▸ **Task to carry out**
Under this line are records; the part from the line containing "063期:【慕容公子】 ③肖中特【虎.牛.羊】开:00准" through the line containing "Makramowy wianek ręcznie" should be repeated exactly. Please exclude pictures.

▸ **Records supplied**
********
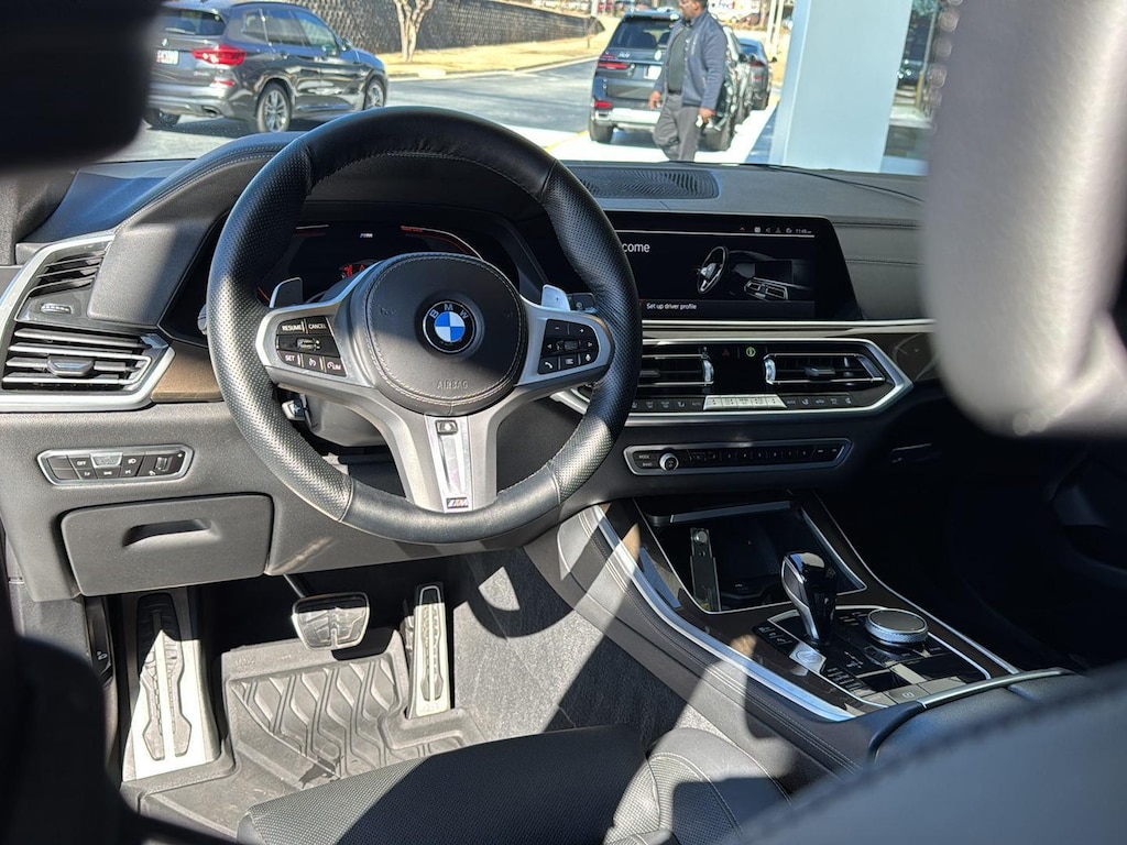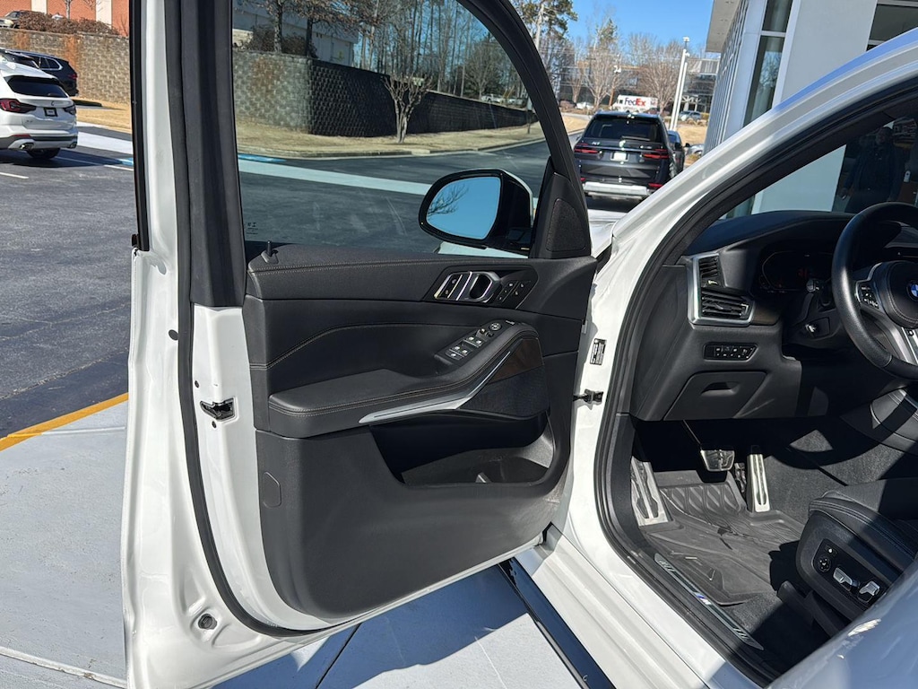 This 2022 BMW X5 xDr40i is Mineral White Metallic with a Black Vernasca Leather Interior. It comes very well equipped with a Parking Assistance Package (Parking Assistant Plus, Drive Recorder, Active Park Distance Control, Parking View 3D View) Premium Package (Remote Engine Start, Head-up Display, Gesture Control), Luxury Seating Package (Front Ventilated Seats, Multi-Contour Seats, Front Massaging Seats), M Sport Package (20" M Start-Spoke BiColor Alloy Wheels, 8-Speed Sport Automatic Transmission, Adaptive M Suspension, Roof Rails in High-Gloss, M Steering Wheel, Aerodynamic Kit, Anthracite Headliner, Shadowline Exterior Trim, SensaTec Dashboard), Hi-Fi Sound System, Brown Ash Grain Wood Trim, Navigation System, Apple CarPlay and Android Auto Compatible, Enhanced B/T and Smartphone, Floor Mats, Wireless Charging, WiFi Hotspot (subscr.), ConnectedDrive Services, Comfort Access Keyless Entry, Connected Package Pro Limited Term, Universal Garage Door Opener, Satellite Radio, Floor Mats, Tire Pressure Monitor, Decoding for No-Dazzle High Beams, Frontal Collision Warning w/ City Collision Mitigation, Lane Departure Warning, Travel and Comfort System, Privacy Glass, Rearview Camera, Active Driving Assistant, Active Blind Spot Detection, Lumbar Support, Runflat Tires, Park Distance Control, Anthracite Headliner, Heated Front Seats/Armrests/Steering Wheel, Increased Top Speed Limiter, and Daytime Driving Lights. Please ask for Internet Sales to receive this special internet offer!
********
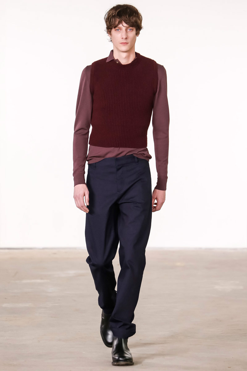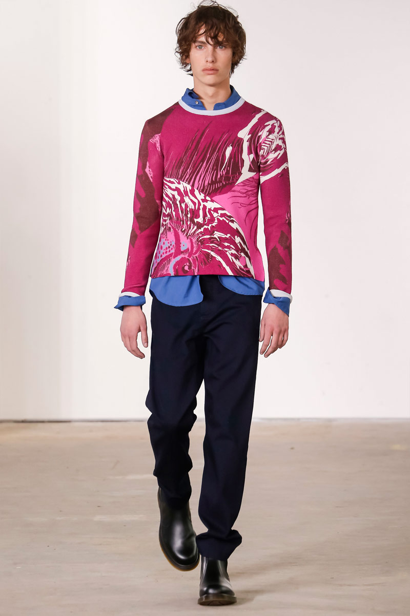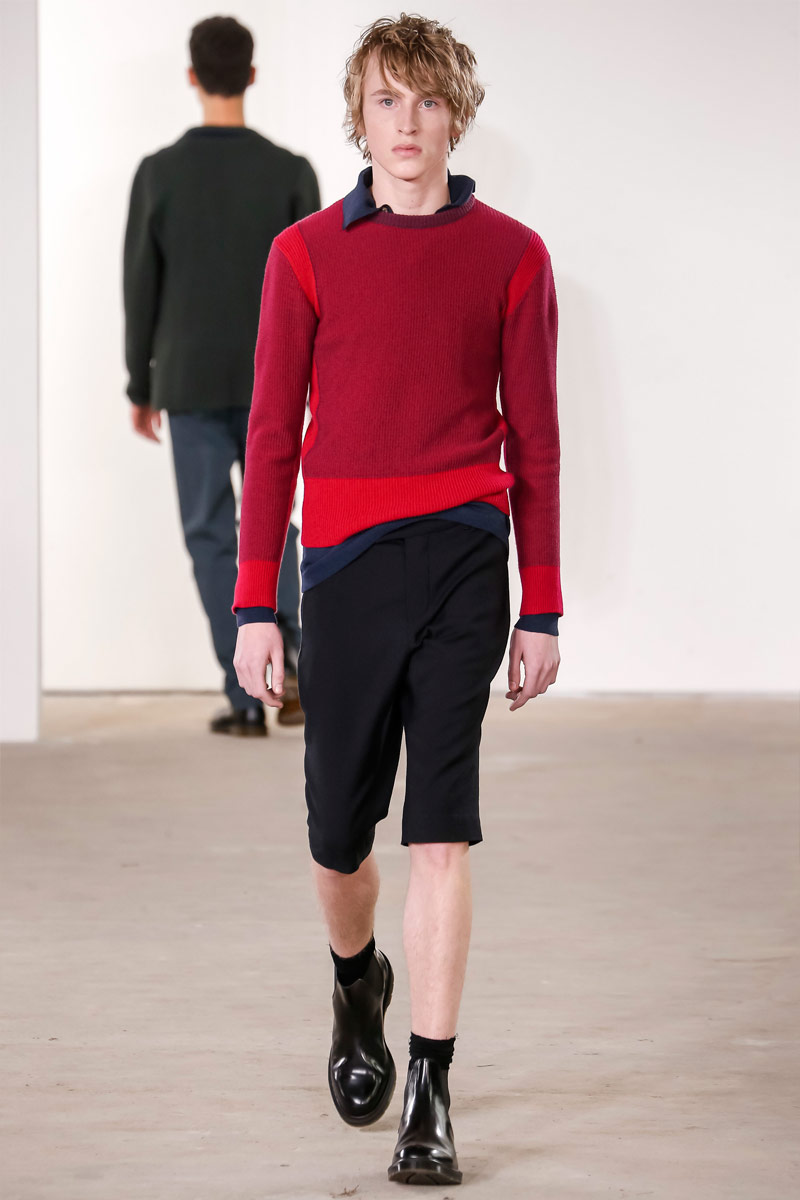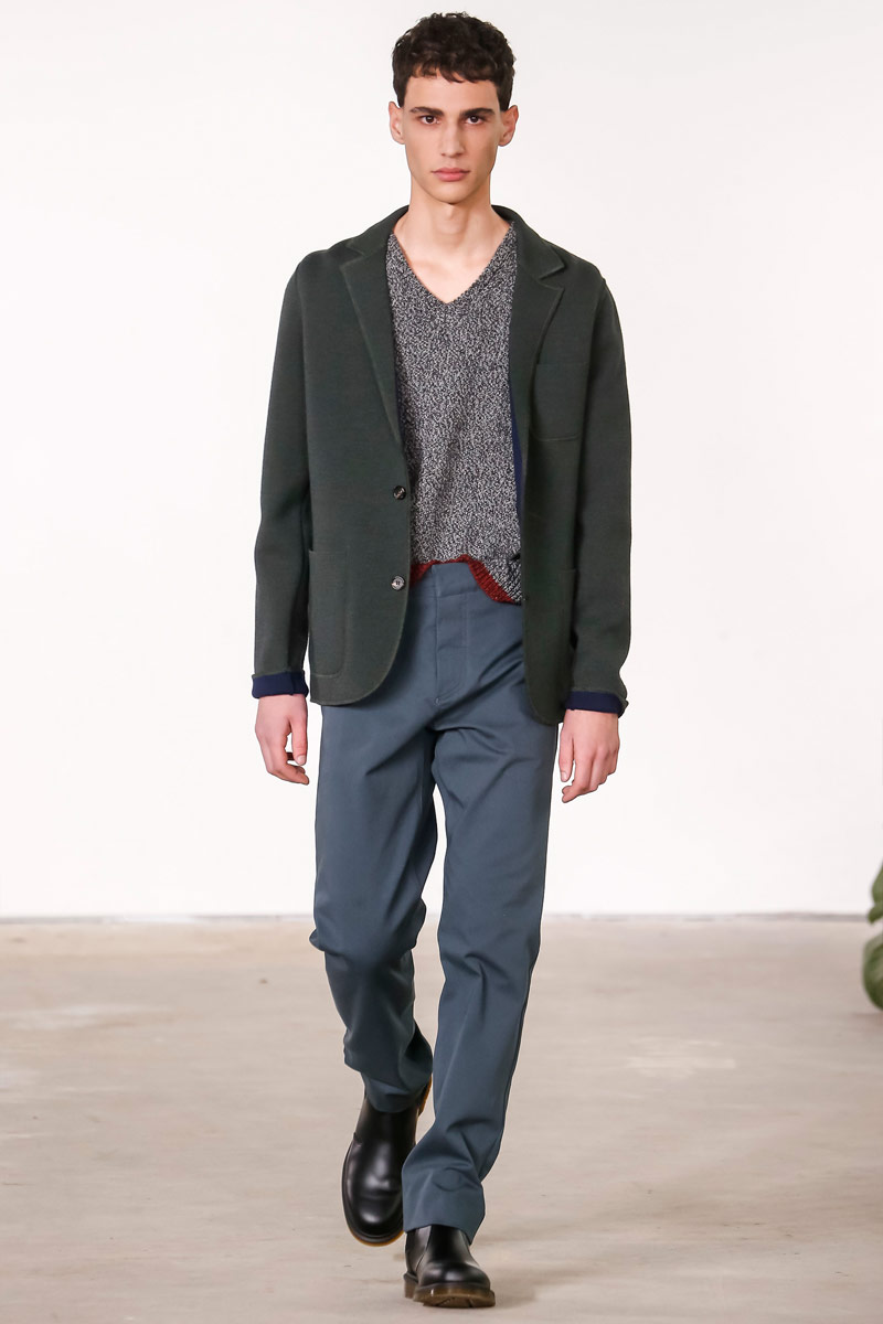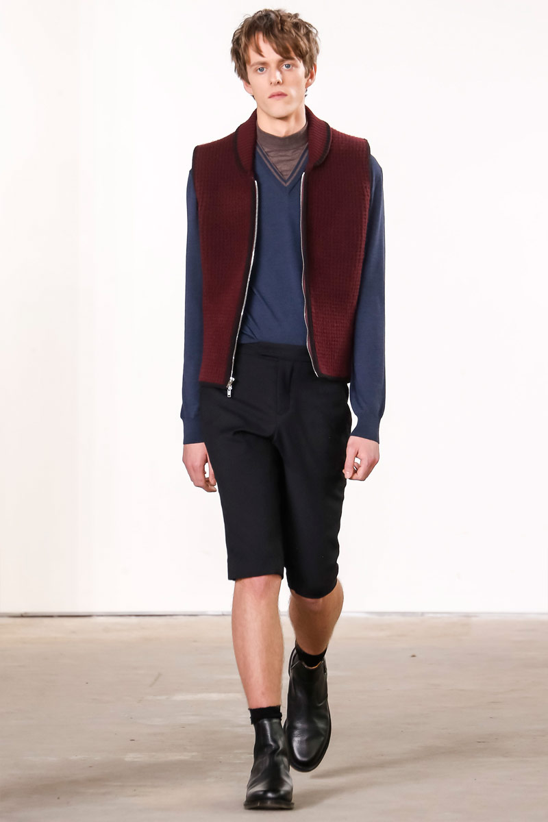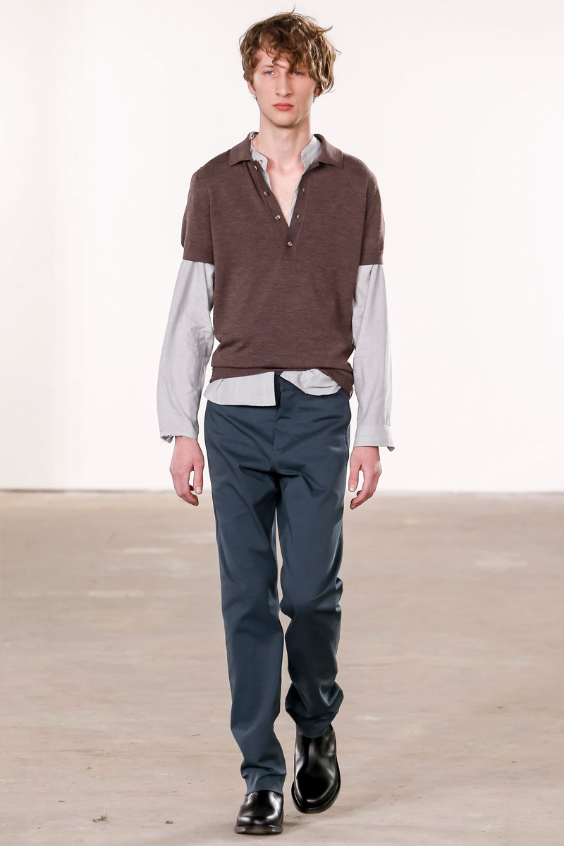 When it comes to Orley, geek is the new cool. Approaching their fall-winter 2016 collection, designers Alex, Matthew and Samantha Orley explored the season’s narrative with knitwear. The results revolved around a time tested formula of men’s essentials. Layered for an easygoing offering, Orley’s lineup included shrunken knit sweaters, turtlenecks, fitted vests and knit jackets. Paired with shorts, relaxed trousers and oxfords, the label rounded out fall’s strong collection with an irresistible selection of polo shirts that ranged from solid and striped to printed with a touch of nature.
********
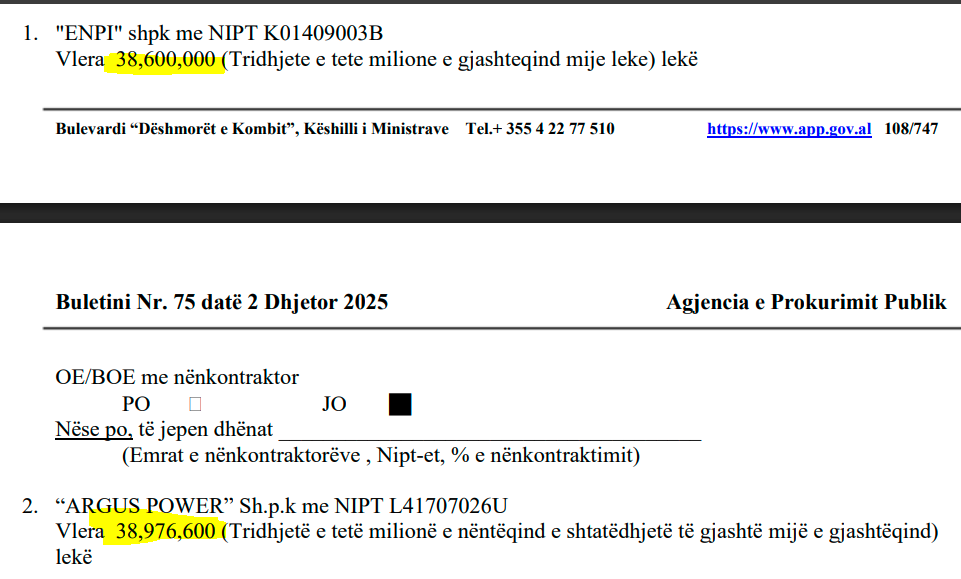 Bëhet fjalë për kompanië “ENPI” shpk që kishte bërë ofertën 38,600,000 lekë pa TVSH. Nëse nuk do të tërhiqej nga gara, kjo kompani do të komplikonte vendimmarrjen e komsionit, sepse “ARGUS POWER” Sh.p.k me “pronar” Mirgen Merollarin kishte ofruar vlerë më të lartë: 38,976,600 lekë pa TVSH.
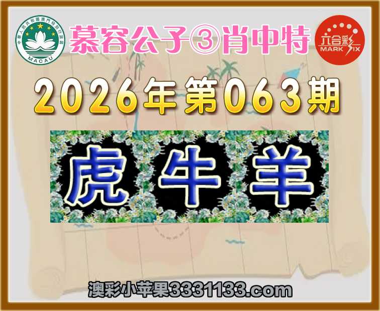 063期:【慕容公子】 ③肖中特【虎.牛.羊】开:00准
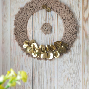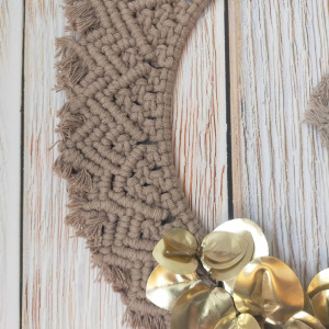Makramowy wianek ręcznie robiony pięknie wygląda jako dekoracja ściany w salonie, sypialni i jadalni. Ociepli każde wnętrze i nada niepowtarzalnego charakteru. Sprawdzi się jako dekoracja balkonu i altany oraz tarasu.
********
▸ **Solution to this exercise**
 063期:【慕容公子】 ③肖中特【虎.牛.羊】开:00准
Makramowy wianek ręcznie robiony pięknie wygląda jako dekoracja ściany w salonie, sypialni i jadalni. Ociepli każde wnętrze i nada niepowtarzalnego charakteru. Sprawdzi się jako dekoracja balkonu i altany oraz tarasu.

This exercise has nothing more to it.